Summer Bridge Program

“Summer Bridge is where it all begins.”

During Summer Bridge, students are introduced to college level coursework and research opportunities, develop academic, social, and professional skills, and form the strong community that supports them throughout their undergraduate careers and beyond.

Students take two college classes for credit during Summer Bridge as well as seminars in either chemistry or physics. They also register for their fall classes and form an academic plan for their entire undergraduate career. With the assistance of program staff and older Meyerhoffs, students are guided in course and instructor selection as well as timing of courses and pacing. Students come out of Summer Bridge feeling prepared and ready to begin college:

Summer Bridge was really helpful too, because I feel like it gave us a head start in front of everybody else. We had a chance to get acclimated to the school and then to even college courses, because we took a couple of those. So I feel like when we got to school in the fall, some of the things that most freshmen fall prey to, like partying too much, not taking their classes seriously enough – no - we didn't have any of that problem because we had already been through a dry run almost.

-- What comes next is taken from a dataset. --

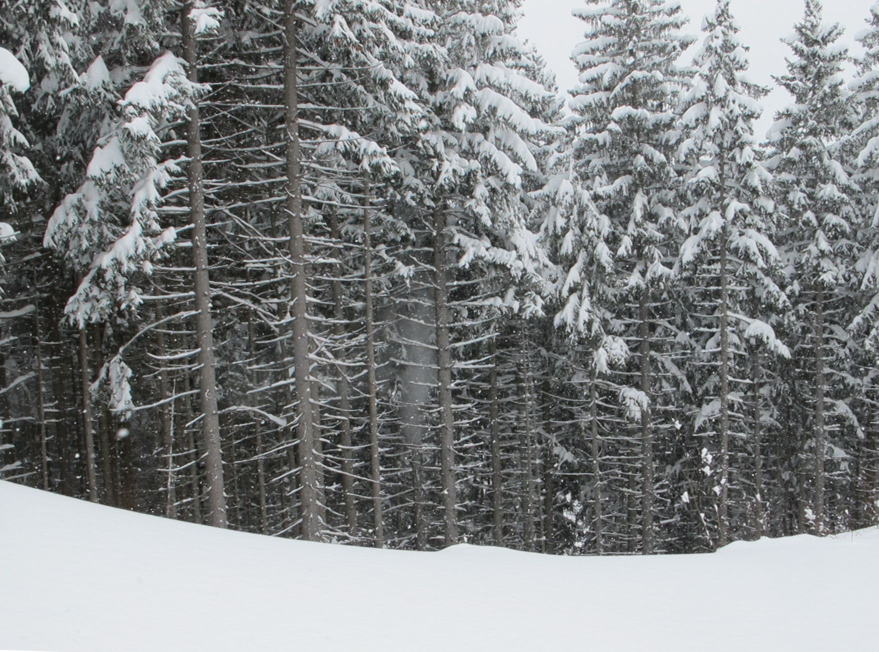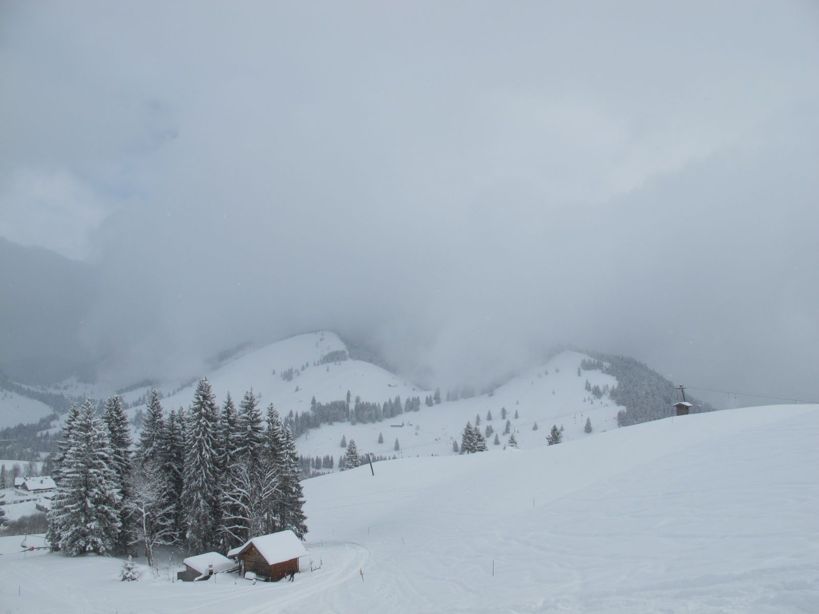 The descent is a dream of powder: fluffy snow up to our knees turns into pure joy. At least the joy kicks in once we have found out which direction is down. At first, it is hard to distinguish between the cloud and the snow. Cautously, we fumble down until we make it to an alternative ski trail and orient by means of voices and traces. As soon as we reach the timber line, we are back on track and enjoy the zig-zag through the deep white powder.

Through site visits and guest speakers, students are introduced to research. They visit many premier research labs, meeting with investigators as well as agency directors. Through these visits, students gain an understanding of what research involves and they begin to think about their own undergraduate research. They plan internships and are able to form initial contacts to facilitate access to research sites. Importantly, students also begin to envision themselves as researchers and gain confidence that they are capable of managing a career in STEM. One student said, “…with the site visits, seeing everything and observing this is what they do in their careers, I feel kind of comfortable being able to do that so…It's kind of like, ‘Yeah, I can do this!’”

During Summer Bridge, students learn academic, social, and professional skills and, based on their reports, are able to apply them throughout their entire careers – from entering college into a profession. Academic skills involve study habits, study groups, note taking, and time management. One student pointed out that he corrected bad habits in addition to learning new skills:

I think that the Summer Bridge program has given us a lot of skills that we're going to need and it has also helped set any wrongs that have been within us throughout high school and before that. And I kind of think of it as…if a person breaks their bone and they never get it set the right way; it will grow the wrong way. In order to fix it, you have to break it again and set it the right way.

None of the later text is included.